→ **What the exercise asks**: Once you find the line with "Her affinity for" in the entries below, return exactly every line from it through the line with "Assumption University of".

→ **Source records**:

· · · · · · ·

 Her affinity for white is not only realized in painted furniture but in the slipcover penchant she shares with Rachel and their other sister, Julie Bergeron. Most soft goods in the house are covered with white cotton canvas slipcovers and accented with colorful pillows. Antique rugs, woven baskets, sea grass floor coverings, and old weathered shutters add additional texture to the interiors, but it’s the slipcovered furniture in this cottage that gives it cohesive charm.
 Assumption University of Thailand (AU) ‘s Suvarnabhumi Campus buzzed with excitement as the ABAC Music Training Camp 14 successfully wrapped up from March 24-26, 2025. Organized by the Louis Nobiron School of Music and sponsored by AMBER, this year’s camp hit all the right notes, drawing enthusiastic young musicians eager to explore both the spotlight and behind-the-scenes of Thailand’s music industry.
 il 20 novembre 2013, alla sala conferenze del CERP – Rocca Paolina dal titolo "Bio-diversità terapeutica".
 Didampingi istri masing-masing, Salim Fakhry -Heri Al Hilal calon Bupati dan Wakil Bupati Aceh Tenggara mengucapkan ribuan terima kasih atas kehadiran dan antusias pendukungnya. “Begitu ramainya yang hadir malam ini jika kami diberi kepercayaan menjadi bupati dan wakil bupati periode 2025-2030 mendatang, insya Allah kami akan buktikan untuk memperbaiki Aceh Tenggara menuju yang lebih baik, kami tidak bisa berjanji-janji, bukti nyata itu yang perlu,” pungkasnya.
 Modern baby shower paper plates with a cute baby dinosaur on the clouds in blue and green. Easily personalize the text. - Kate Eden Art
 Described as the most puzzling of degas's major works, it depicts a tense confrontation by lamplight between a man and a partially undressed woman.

· · · · · · ·

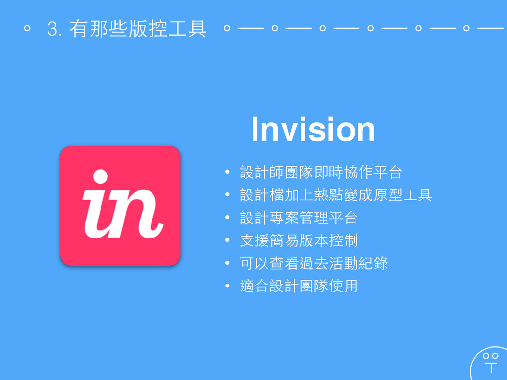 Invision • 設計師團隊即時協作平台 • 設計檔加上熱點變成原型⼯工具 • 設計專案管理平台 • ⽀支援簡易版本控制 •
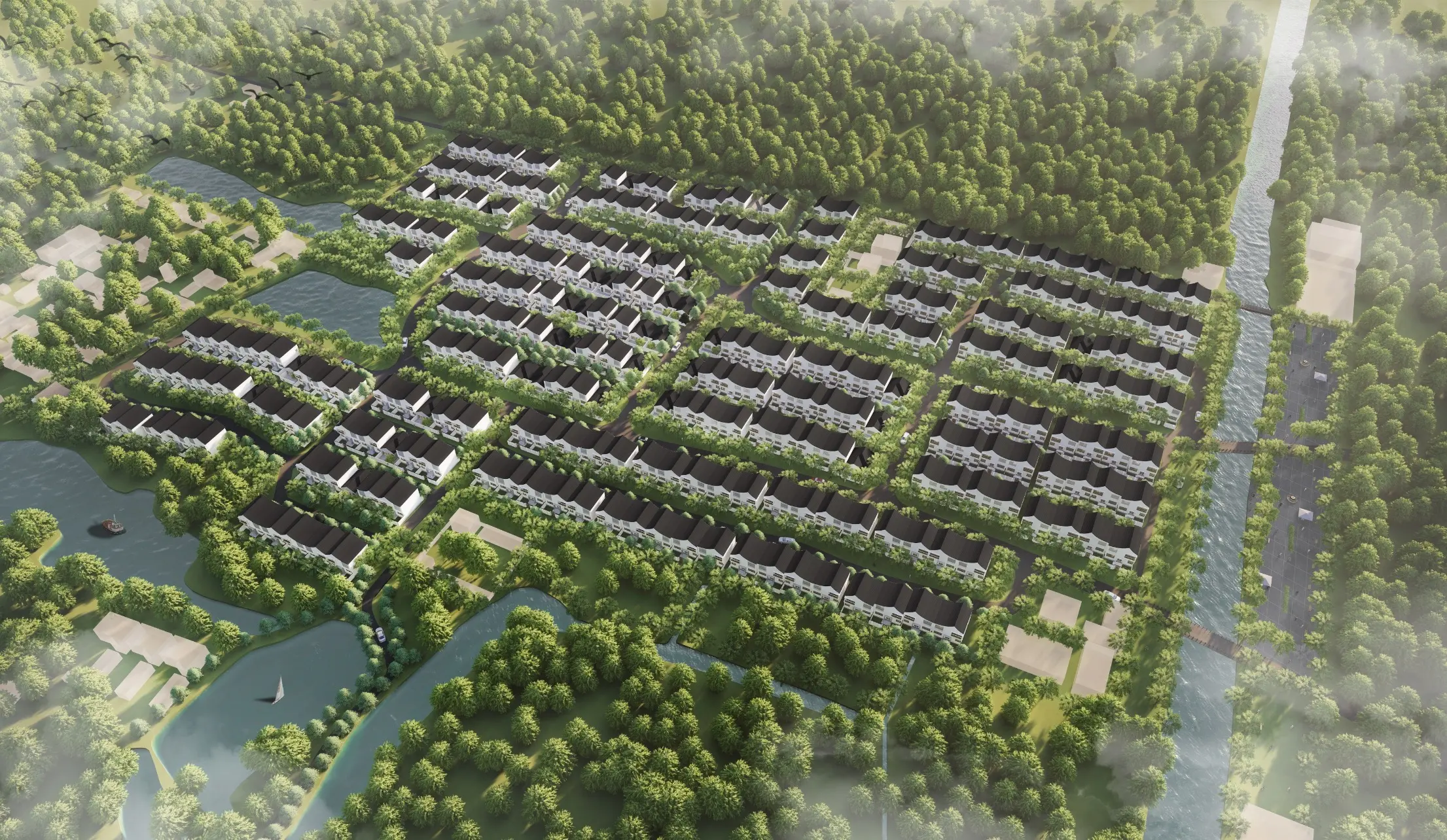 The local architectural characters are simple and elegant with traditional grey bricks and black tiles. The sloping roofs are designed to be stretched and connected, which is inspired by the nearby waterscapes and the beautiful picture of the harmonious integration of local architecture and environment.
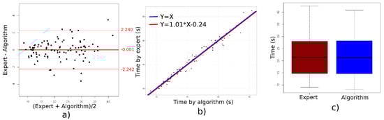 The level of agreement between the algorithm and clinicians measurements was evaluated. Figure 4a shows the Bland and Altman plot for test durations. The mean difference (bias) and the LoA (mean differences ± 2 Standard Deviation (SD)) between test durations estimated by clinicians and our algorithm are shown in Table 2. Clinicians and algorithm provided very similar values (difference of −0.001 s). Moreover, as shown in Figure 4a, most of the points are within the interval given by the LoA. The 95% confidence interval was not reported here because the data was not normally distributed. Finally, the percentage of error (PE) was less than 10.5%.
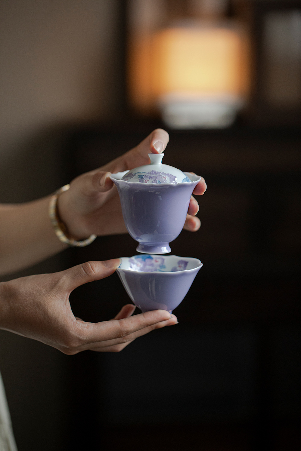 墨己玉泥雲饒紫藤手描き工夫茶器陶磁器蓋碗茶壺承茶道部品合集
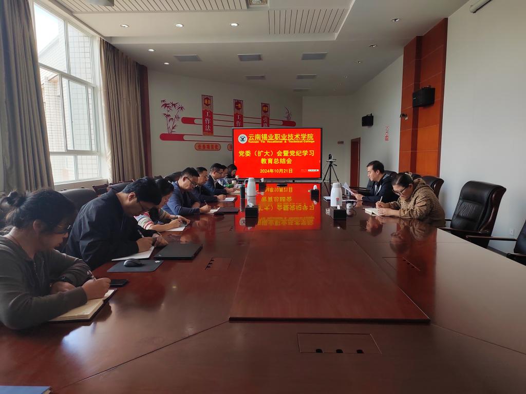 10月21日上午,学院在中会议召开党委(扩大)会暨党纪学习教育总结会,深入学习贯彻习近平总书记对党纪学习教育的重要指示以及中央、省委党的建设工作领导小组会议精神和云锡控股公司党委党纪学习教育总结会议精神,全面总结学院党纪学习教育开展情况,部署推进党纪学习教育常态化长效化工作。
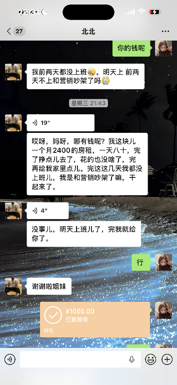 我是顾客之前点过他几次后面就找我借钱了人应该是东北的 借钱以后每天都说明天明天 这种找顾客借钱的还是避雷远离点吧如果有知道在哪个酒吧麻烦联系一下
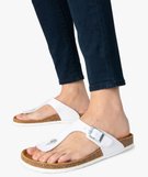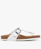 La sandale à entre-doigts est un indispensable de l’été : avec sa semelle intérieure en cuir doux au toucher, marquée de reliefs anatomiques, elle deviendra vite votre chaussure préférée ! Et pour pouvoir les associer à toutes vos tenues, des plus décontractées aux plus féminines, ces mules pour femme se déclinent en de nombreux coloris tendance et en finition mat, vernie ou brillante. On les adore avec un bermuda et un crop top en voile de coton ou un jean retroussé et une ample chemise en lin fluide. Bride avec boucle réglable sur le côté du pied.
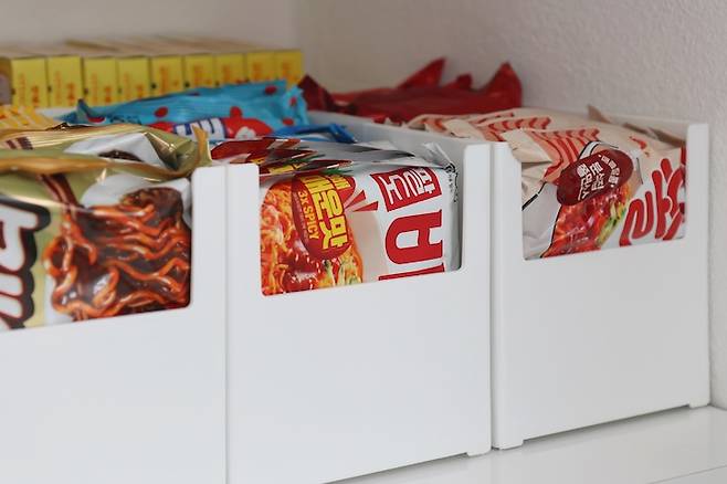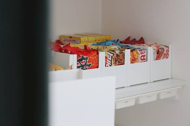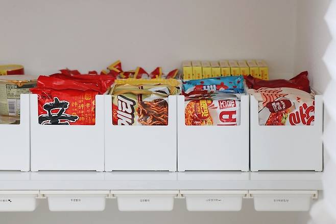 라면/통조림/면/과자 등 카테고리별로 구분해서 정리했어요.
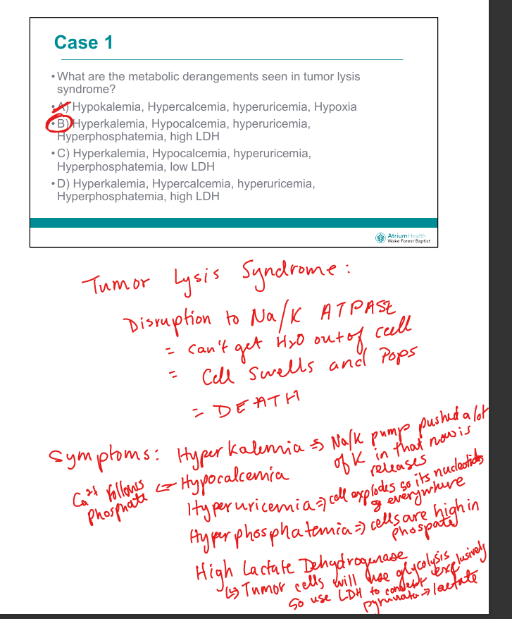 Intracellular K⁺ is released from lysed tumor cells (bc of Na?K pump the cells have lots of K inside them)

· · · · · · ·

→ **Response area**:
 Her affinity for white is not only realized in painted furniture but in the slipcover penchant she shares with Rachel and their other sister, Julie Bergeron. Most soft goods in the house are covered with white cotton canvas slipcovers and accented with colorful pillows. Antique rugs, woven baskets, sea grass floor coverings, and old weathered shutters add additional texture to the interiors, but it’s the slipcovered furniture in this cottage that gives it cohesive charm.
 Assumption University of Thailand (AU) ‘s Suvarnabhumi Campus buzzed with excitement as the ABAC Music Training Camp 14 successfully wrapped up from March 24-26, 2025. Organized by the Louis Nobiron School of Music and sponsored by AMBER, this year’s camp hit all the right notes, drawing enthusiastic young musicians eager to explore both the spotlight and behind-the-scenes of Thailand’s music industry.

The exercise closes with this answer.